> Exercise requirements:
In the records below, find the line containing "- HIGH-CLASS MULTIFUNCTIONAL" and the line containing "Intricately carved frame". Give again exactly those lines and every line between them, omitting the pictures.

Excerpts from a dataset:
★ ★ ★ ★ ★ ★ ★
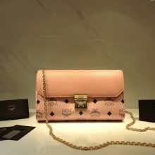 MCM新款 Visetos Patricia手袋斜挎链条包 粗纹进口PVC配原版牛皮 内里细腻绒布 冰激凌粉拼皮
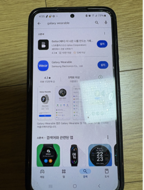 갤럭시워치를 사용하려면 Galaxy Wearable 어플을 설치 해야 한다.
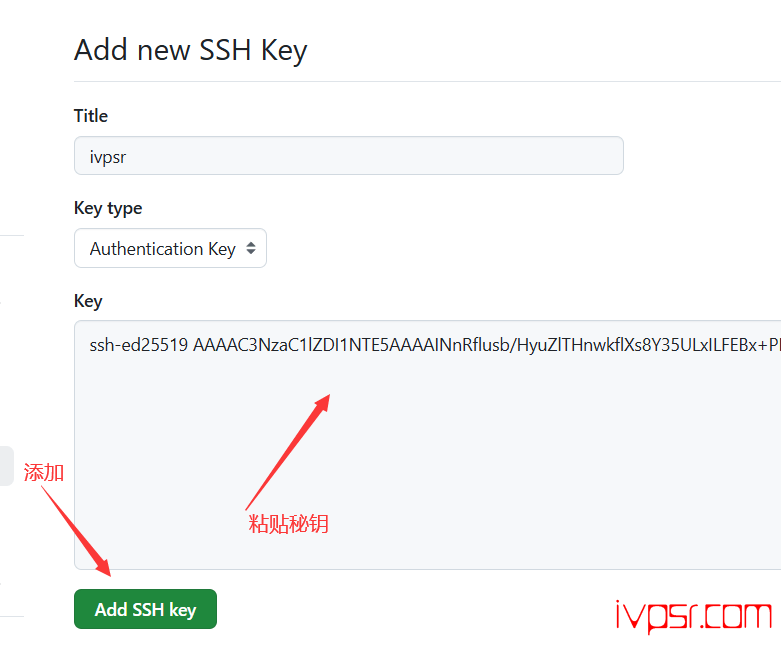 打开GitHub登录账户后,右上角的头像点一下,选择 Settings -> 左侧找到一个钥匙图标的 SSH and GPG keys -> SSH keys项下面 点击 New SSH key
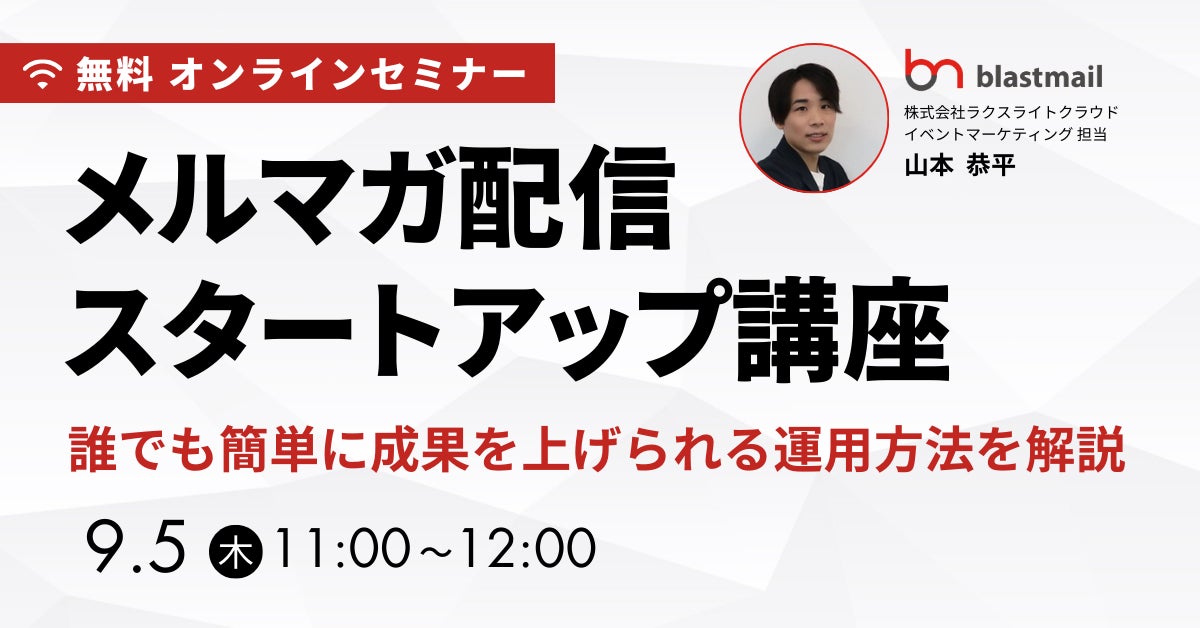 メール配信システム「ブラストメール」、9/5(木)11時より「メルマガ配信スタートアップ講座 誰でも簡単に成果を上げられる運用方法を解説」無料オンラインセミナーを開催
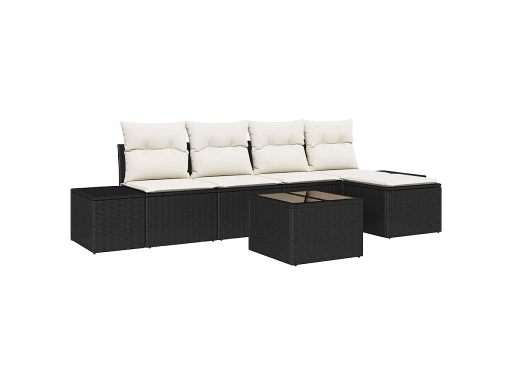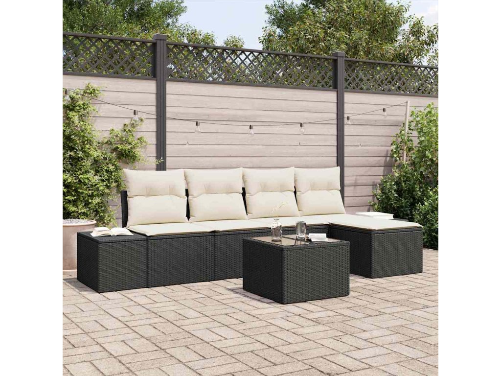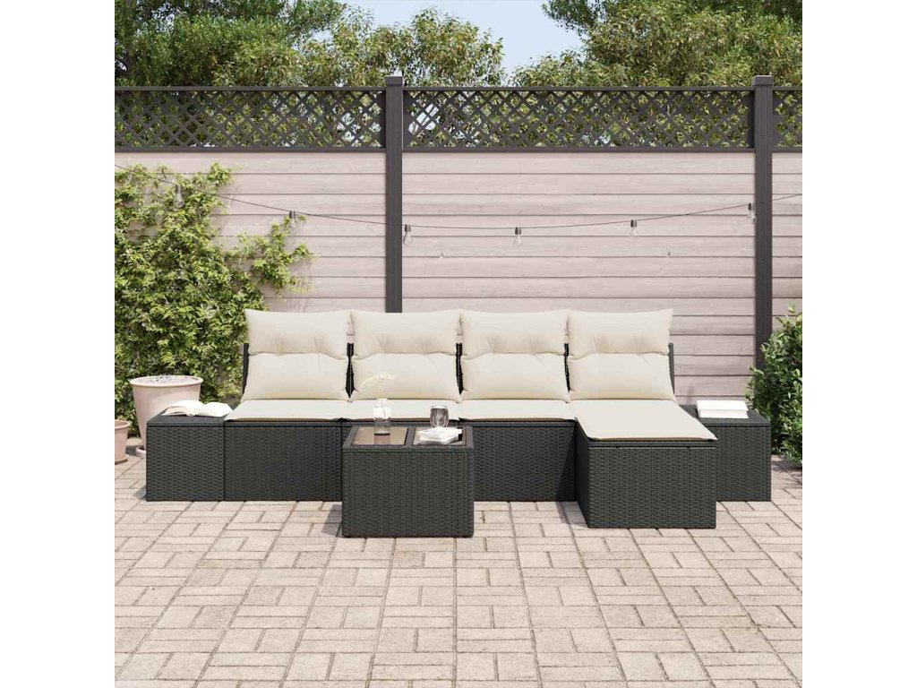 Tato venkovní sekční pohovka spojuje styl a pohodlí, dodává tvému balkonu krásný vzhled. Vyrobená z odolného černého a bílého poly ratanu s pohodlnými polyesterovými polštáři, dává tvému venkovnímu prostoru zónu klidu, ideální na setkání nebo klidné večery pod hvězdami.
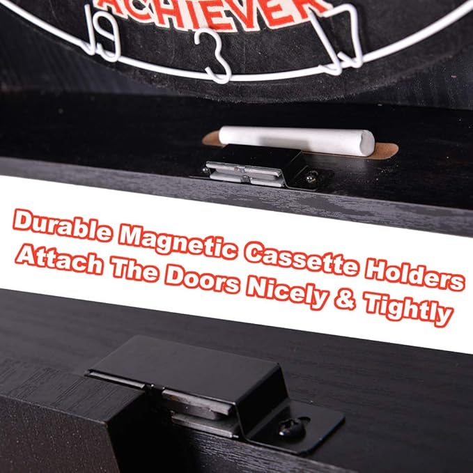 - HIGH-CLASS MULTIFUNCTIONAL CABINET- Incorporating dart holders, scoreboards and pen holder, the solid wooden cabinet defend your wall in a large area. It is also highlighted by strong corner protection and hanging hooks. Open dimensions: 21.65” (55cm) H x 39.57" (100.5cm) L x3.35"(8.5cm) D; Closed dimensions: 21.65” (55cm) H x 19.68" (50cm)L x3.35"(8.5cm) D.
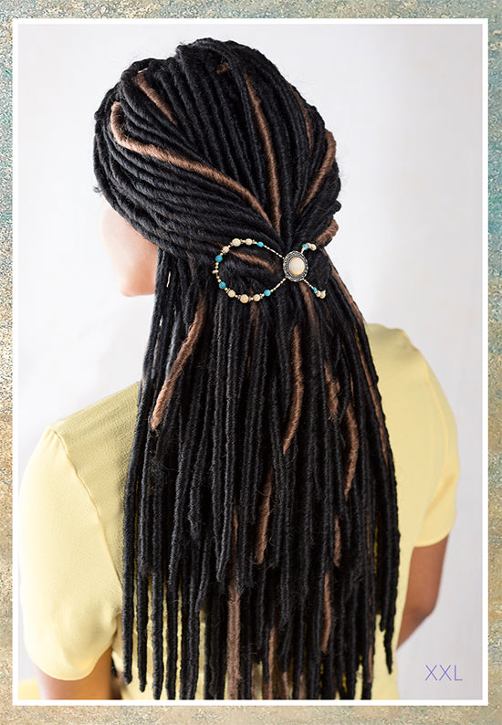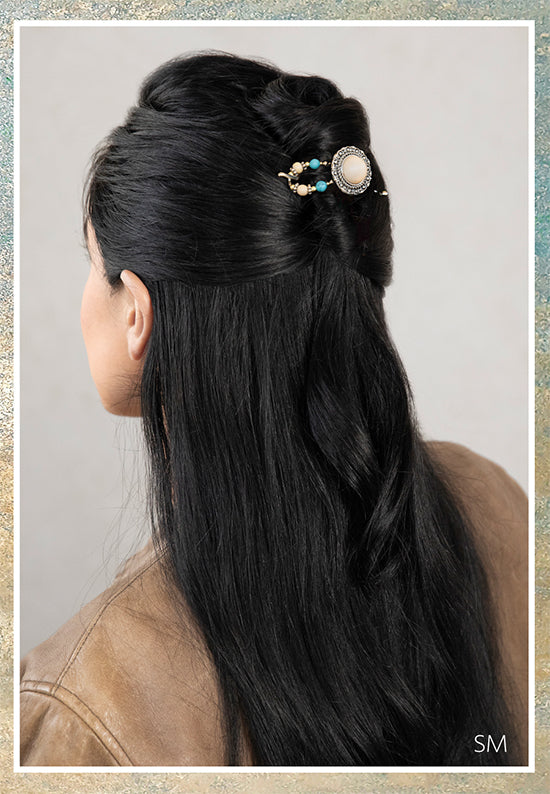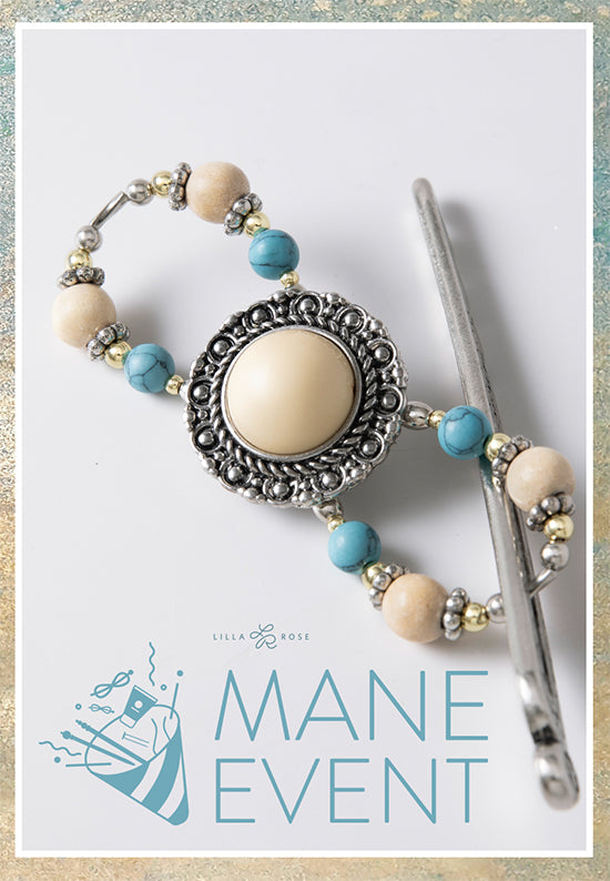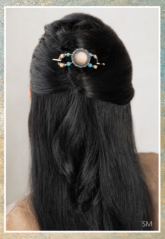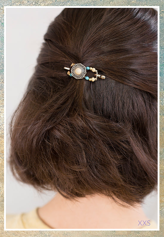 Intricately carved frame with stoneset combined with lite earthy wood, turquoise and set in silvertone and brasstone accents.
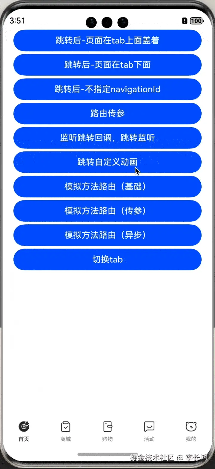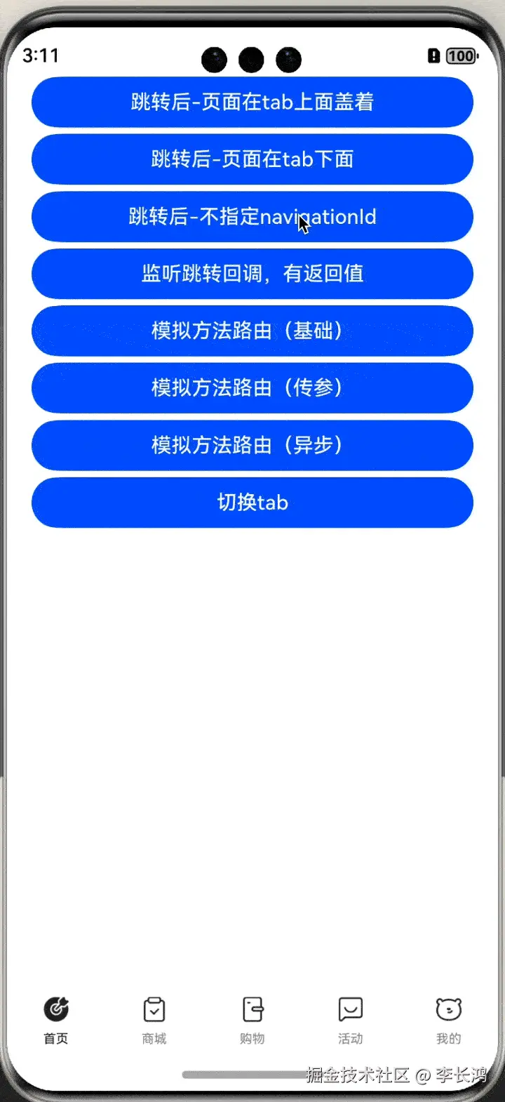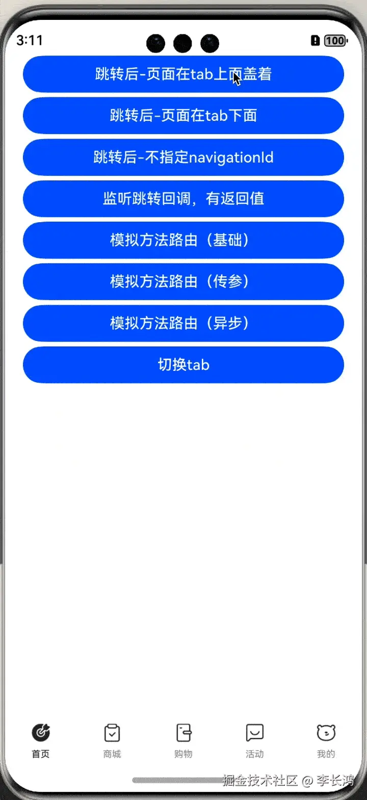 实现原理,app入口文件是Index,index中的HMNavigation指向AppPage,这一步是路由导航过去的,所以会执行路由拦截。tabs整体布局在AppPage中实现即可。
★ ★ ★ ★ ★ ★ ★
> Solution to this task:
 - HIGH-CLASS MULTIFUNCTIONAL CABINET- Incorporating dart holders, scoreboards and pen holder, the solid wooden cabinet defend your wall in a large area. It is also highlighted by strong corner protection and hanging hooks. Open dimensions: 21.65” (55cm) H x 39.57" (100.5cm) L x3.35"(8.5cm) D; Closed dimensions: 21.65” (55cm) H x 19.68" (50cm)L x3.35"(8.5cm) D.
 Intricately carved frame with stoneset combined with lite earthy wood, turquoise and set in silvertone and brasstone accents.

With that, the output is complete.